Brian Lane di reservoir Perdido. (Nicholas Dunning / UC)

Dengan warna merah cerah, cinnabar umumnya digunakan sebagai sebuah cat atau pigmen di seluruh Amerika Tengah pada saat itu.

“Warna merupakan hal penting di dunia suku Maya kuno. Mereka menggunakannya dalam mural mereka. Mereka mengecat plester dengan warna merah. Mereka menggunakannya dalam pemakaman dan menggabungkannya dengan oksida besi untuk mendapatkan warna yang berbeda,” kata Tankersley.

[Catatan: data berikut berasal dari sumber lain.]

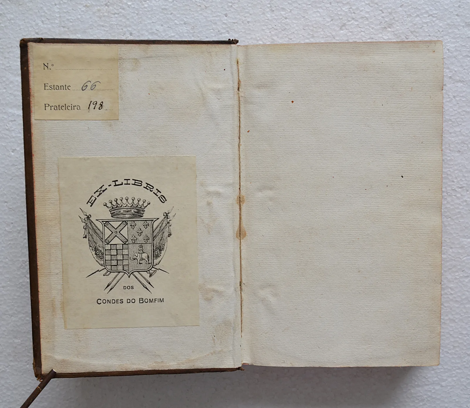 Appartenance : Dos Condes do Bomfim (ex-libris héraldique collé sur les premiers contreplats).

“Kami dapat menemukan berbagai sidik jari mineral yang menunjukkan dengan tanpa keraguan, bahwa merkuri yang terdapat dalam air berasal dari cinnabar,” katanya.

Tankersley mengatakan kota-kota Maya kuno seperti Tikal masih terus memikat para peneliti karena kecerdikan, kerja sama, dan kecanggihan yang dibutuhkan untuk berkembang di tanah tropis yang ekstrem ini.

“Ketika saya melihat Maya kuno, saya melihat orang yang sangat canggih dengan budaya yang sangat kaya,” kata Tankersley.

Tim UC berencana untuk kembali ke Semenanjung Yucatan untuk mendapatkan lebih banyak jawaban tentang periode peradaban manusia yang luar biasa ini.